The lone dissenting judge offered a broader interpretation of the Magnuson-Stevens Act, particularly its term “fishery resources” which is defined to include “all fish.” He reasoned that the authority to regulate all fish as fishery resources would, arguably, include the regulation of fish that are initially bred to be harvested. Otherwise, the dissent suggests there is ambiguity in the Act and NMFS’s interpretation merits judicial deference. Noting the years of work that the Gulf States spent developing the Plan, the dissent found a regulatory gap and concludes that “modern methods of fishing fit vitally in, not out of, the Magnuson Act regime.”
Next Steps and Aquaculture Regulation
The split decision may be reheard en banc by the entire Fifth Circuit, or appealed to the Supreme Court. If the current decision stands, aquaculture regulation will solely be the purview of other authorities. In the near-term, there was one impending application under the Aquaculture Rule; the project may attempt to rely on permitting authority of the U.S. Environmental Protection Agency in the absence of any needed NMFS permit.

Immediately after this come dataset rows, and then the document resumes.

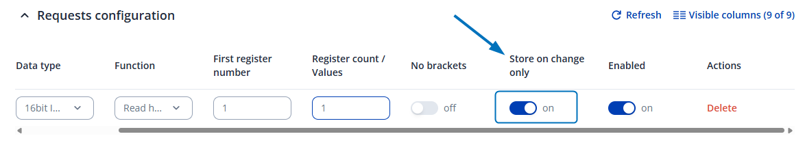 If you want to only be informed ONCE, in the “Services → Modbus → Modbus TCP Client → (edit) → Alarm Configuration → (edit)” menu, you can set “Action frequency” to “First trigger”: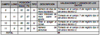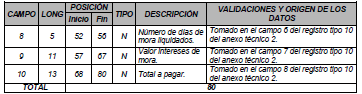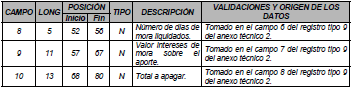 | 8 | 4 | 52 | 55 | N | Número de días de mora liquidados. | Tomado en el campo 6 del registro tipo 11 del Anexo Técnico 2. |
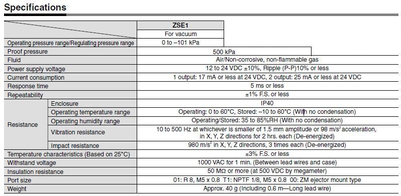 Note: All of the following specifications are for SMC model ZSE1-00-55, though it is believed that it has the same specifications as NZSE1-00-55. It is unknown what the "N" designates. It may simply be an older or newer part number for the same model.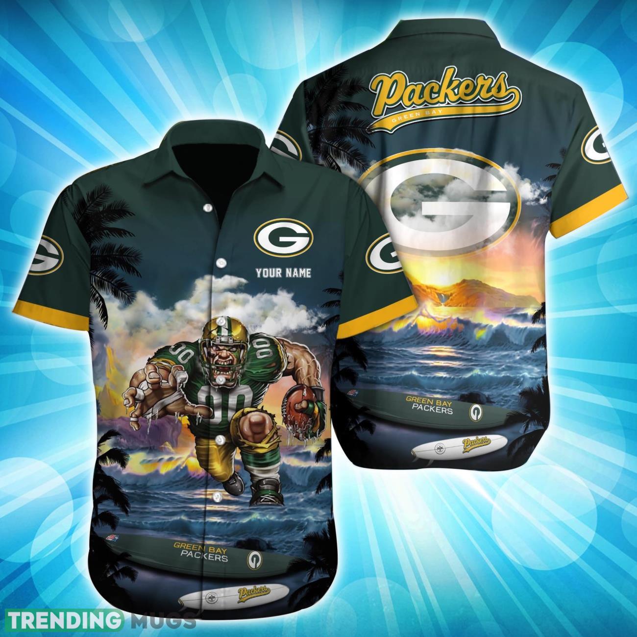 Made with high-quality materials, this Hawaiian shirt features a vibrant green and yellow design that pays homage to the legendary Green Bay Packers. What sets this shirt apart is the option to customize it with your own name, making it a truly unique and personalized piece of fan gear.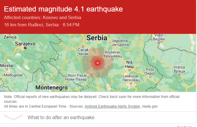Një tërmet 4 ballësh ka goditur Serbinë pak minuta më parë.

This case is just one of several recent aquaculture-related developments. With recent innovations in technology, and ever-increasing consumer demand on fisheries, there has been more focus on and debate about sustainable aquaculture. In a distinct lawsuit, the U.S. Northern District of California is considering whether the Food and Drug Administration (FDA) has the authority to regulate aquaculture for genetically modified salmon. See Inst. for Fisheries Res v. Hahn, No. 16-cv-01574-VC (N. Cal. Dist. Ct.). In December 2019, the court ruled that the FDA has such authority under the Food, Drug, and Cosmetic Act. Next, the court is considering whether the FDA properly exercised this authority and considered environmental impacts.

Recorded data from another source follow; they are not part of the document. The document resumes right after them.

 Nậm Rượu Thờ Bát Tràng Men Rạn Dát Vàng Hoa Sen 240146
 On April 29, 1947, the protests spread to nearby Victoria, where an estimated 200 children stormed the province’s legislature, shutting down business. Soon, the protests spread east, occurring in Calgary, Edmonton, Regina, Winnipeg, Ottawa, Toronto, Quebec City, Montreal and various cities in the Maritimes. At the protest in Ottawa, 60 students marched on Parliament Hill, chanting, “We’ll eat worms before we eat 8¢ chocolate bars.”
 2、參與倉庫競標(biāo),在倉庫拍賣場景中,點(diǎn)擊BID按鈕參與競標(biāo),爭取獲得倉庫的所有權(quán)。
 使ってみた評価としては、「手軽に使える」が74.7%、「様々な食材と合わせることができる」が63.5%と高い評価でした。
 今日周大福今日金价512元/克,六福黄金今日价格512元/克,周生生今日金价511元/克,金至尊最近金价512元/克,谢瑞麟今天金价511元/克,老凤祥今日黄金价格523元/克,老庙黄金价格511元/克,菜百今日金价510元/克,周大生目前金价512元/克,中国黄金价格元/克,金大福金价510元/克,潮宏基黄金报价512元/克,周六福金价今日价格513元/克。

Separately, in May and June of this year, President Trump issued new directives to federal agencies to issue plans increasing and promoting aquaculture in federal waters. The administration has a clear goal to boost domestic fisheries and aquacultural operations. Critics are concerned that these executive orders and proclamations may instead create more regulatory inconsistencies—there are several federal agencies that oversee some aspect of federal waters. As evidenced by recent litigation, it is not always apparent what regulatory framework Congress intended to apply to aquacultural activities and more legislation may be necessary to yield a comprehensive national aquaculture regime.